> [Exercise requirements]: In the copy, keep every word of the data below and none of its pictures.

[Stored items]

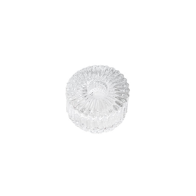 It measures 8cm in diameter and 4.5cm high. Internal measurements for tealight side, approximately 5.5cmD x 2cmH. Internal measurements for taper candle side, approximately 2.5cmD x 2cmH.
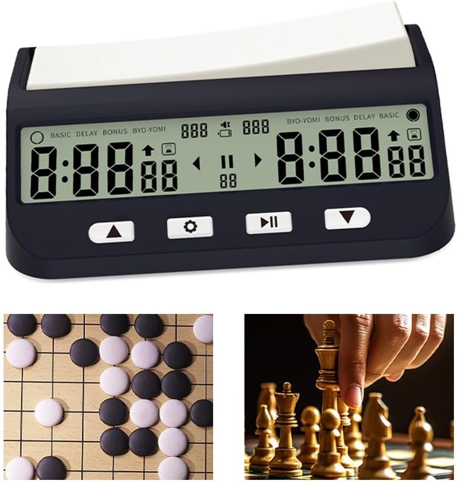 [ALTAMENTE MATERIALE] Realizzato in plastica robusta, questo timer digitale per scacchi garantisce prestazioni affidabili e longevità in ogni gioco che giochi. [Opzioni di temporizzazione multiple] Offre una gamma di modalità di temporizzazione come BASIC, DELAY, BONUS e BYO YOMI per soddisfare diversi stili e strategie di gioco. [SCHERMO DI FACILE DA LEGGERE] L'ampio display trasparente garantisce visibilità da lontano, mentre i pulsanti grandi migliorano l'usabilità per una rapida regolazione del tempo durante il gioco competitivo. [Design a risparmio batteria] Dotato di un innovativo meccanismo di risparmio energetico che conserva la carica della batteria; funziona con 2 batterie AAA (non incluse) per prestazioni sostenute. [Compagno di gioco] Ideale per giocatori di scacchi cinesi, scacchi tradizionali, andare e altro ancora; migliora l'esperienza di gioco attraverso vari giochi da tavolo.
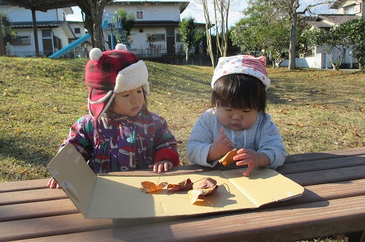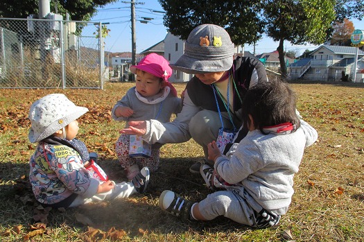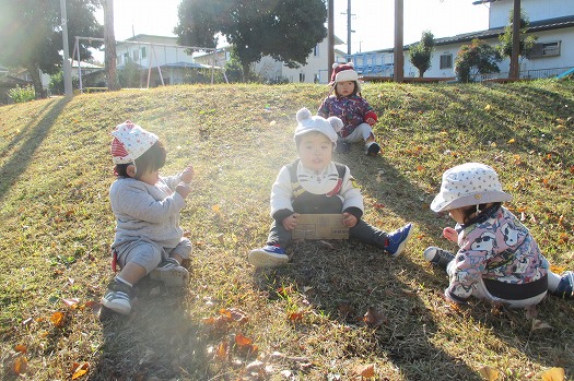 2019年12月04日 どんぐり公園に行ってきました 0歳児 はな 今日は温かく気持ちがいい中、どんぐり公園で斜面滑りや斜面の上り下りを楽しみました。 斜面はなかなかの傾斜なため、立って登る子だけでなく、立って登ろうとしても登れずに ハイハイや高バイで登る子もいました。 しっかり足腰の力を使っている姿がとても素敵でした。 一覧へ戻る
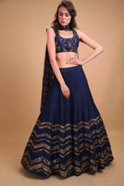Dark Blue Geometrical Zari Lehenga
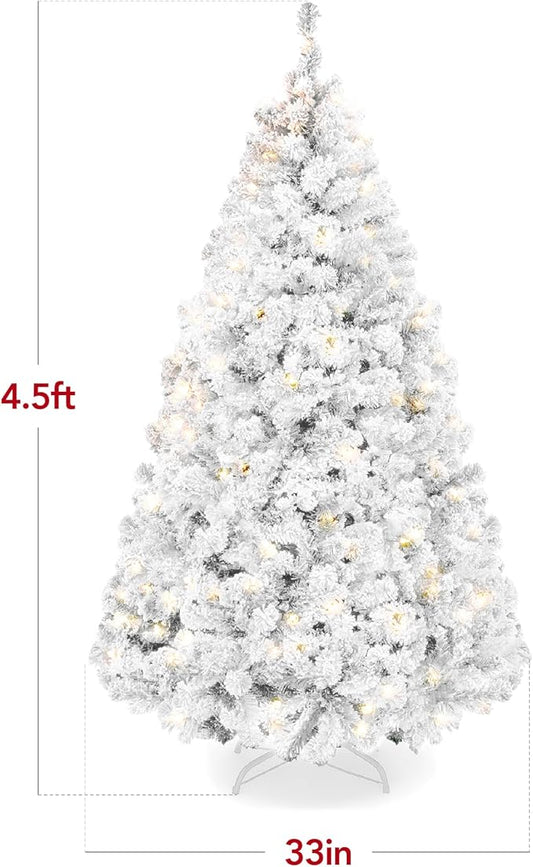 Best Choice Products Pre-Lit White Christmas Tree, 4.5ft Artificial Snow Flocked Full Fir Tree, Holiday Decoration w/ 200 Lights, 400 Branch Tips
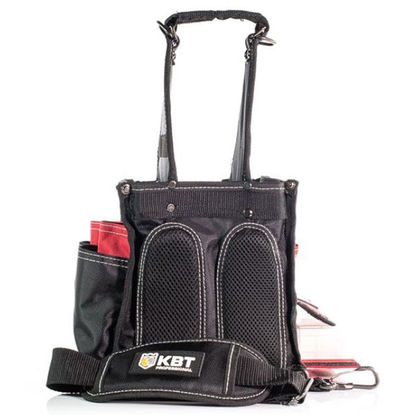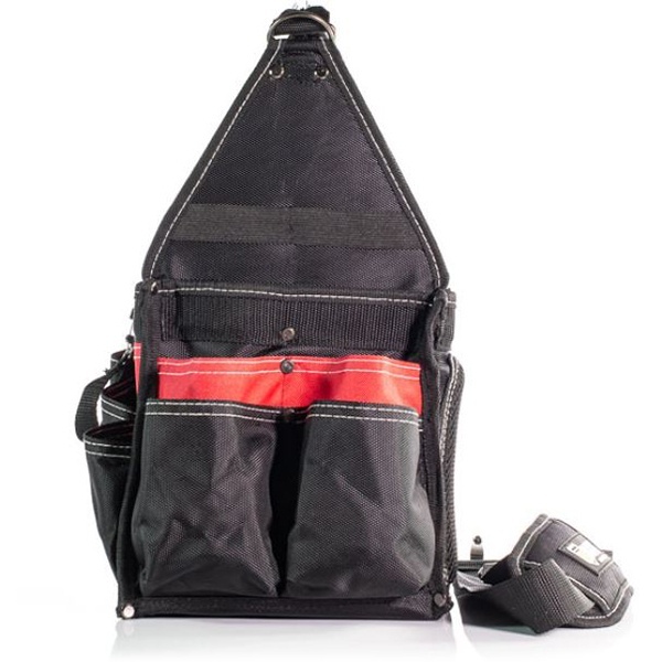 - 7 карманов, 4 мини-кармана для узких предметов, 1 крепежный элемент с металлическим карабином и 1 металлический держатель для рулетки на боковых сторонах

> [Answer to this problem]:
 It measures 8cm in diameter and 4.5cm high. Internal measurements for tealight side, approximately 5.5cmD x 2cmH. Internal measurements for taper candle side, approximately 2.5cmD x 2cmH.
 [ALTAMENTE MATERIALE] Realizzato in plastica robusta, questo timer digitale per scacchi garantisce prestazioni affidabili e longevità in ogni gioco che giochi. [Opzioni di temporizzazione multiple] Offre una gamma di modalità di temporizzazione come BASIC, DELAY, BONUS e BYO YOMI per soddisfare diversi stili e strategie di gioco. [SCHERMO DI FACILE DA LEGGERE] L'ampio display trasparente garantisce visibilità da lontano, mentre i pulsanti grandi migliorano l'usabilità per una rapida regolazione del tempo durante il gioco competitivo. [Design a risparmio batteria] Dotato di un innovativo meccanismo di risparmio energetico che conserva la carica della batteria; funziona con 2 batterie AAA (non incluse) per prestazioni sostenute. [Compagno di gioco] Ideale per giocatori di scacchi cinesi, scacchi tradizionali, andare e altro ancora; migliora l'esperienza di gioco attraverso vari giochi da tavolo.
 2019年12月04日 どんぐり公園に行ってきました 0歳児 はな 今日は温かく気持ちがいい中、どんぐり公園で斜面滑りや斜面の上り下りを楽しみました。 斜面はなかなかの傾斜なため、立って登る子だけでなく、立って登ろうとしても登れずに ハイハイや高バイで登る子もいました。 しっかり足腰の力を使っている姿がとても素敵でした。 一覧へ戻る
Dark Blue Geometrical Zari Lehenga
 Best Choice Products Pre-Lit White Christmas Tree, 4.5ft Artificial Snow Flocked Full Fir Tree, Holiday Decoration w/ 200 Lights, 400 Branch Tips
 - 7 карманов, 4 мини-кармана для узких предметов, 1 крепежный элемент с металлическим карабином и 1 металлический держатель для рулетки на боковых сторонах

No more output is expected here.